◆ Problem requirements: Write out the entries below exactly, starting at the first line and stopping after the line that contains "برای امنیت بیشتر"; skip all pictures.

::: Input data

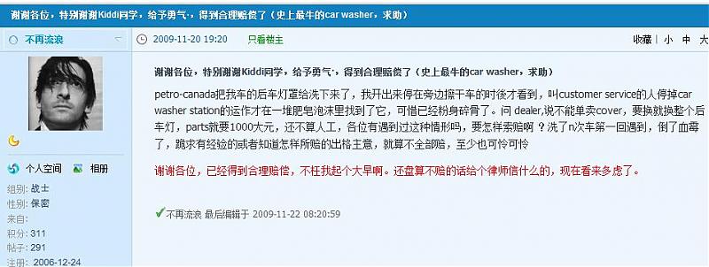 多伦多的GM凯迪拉克车主:洗车把灯洗掉了
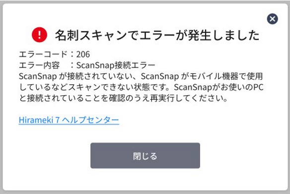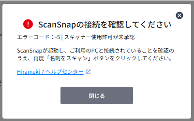 Scansnapの機器とPCの接続にエラーが発生している状態でスキャンを行うと、以下のようなエラー画面が表示されます。
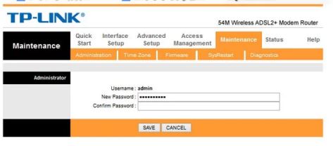 برای امنیت بیشتر حتماً پسورد ورودی مودم را تغییر دهید. بهاین منظور در تب Maintenance رفته و یک پسورد جدید برای ورود به مودم انتخاب کنید (تصویر 9).
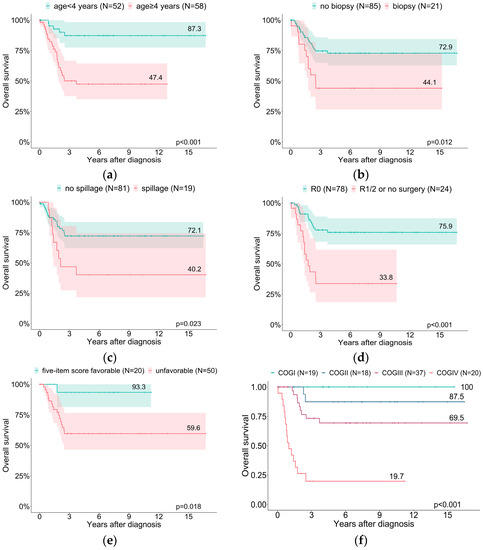 Probabilities of overall survival relating to age (a), initial biopsy (b), tumor spillage (c), tumor resection status (d), five-item microscopic score (e), and COG stage (f).
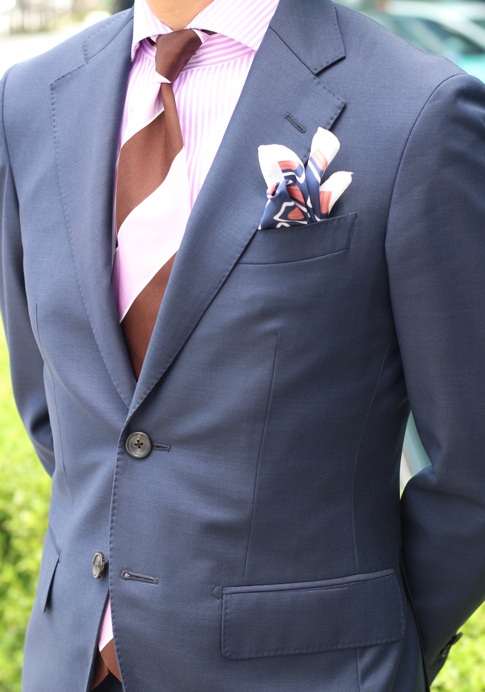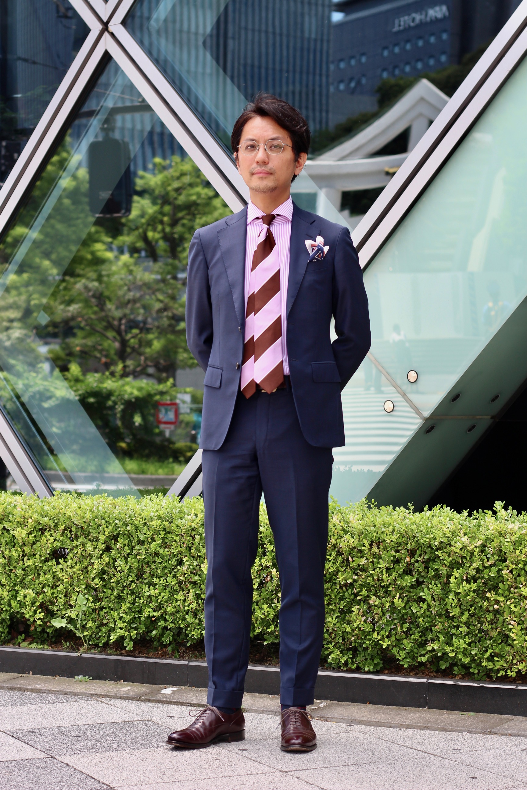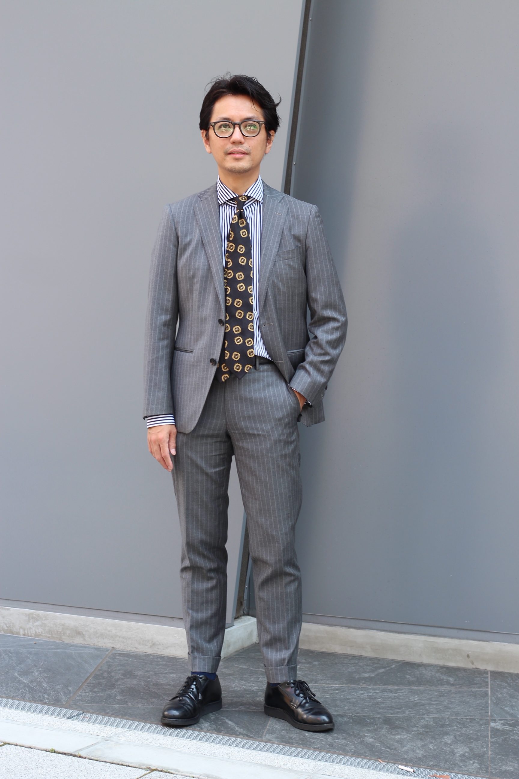黒のロンドンストライプシャツに、不揃いの大柄が印象的なブラックタイを合わせて、少し癖のあるモノトーンスタイルが今の気分です。その他に、白無地シャツにネイビーソリッドタイの王道コーデや、変化球として薄めのブルーシャツに、くすんだカーキ色のネクタイをあわせるなど、その時の気分に応じて変化を楽しめるスーツではないでしょうか。
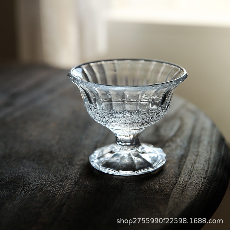 클래식 아이스크림 컵 조각 꽃 세로 패턴 플레어 디저트 높은 발 유리 그릇 높은 발 아이스크림 컵 작은 유리 그릇스토어 가기
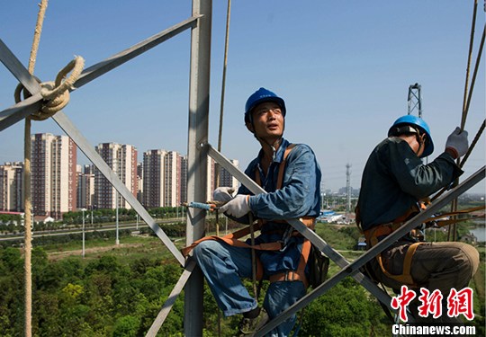 烈日下,杆上作业人员一丝不苟。 奚青兰 摄
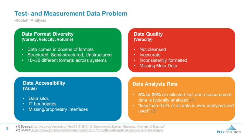 Looking from the problem perspective, the test and measurement data problem is not new and was already recognized during the Big Data era as the Five Vs: Variety, Velocity, Volume, Veracity and Value and can be grouped into three data problem classes:

::::::

◆ Exercise solution:
 多伦多的GM凯迪拉克车主:洗车把灯洗掉了
 Scansnapの機器とPCの接続にエラーが発生している状態でスキャンを行うと、以下のようなエラー画面が表示されます。
 برای امنیت بیشتر حتماً پسورد ورودی مودم را تغییر دهید. بهاین منظور در تب Maintenance رفته و یک پسورد جدید برای ورود به مودم انتخاب کنید (تصویر 9).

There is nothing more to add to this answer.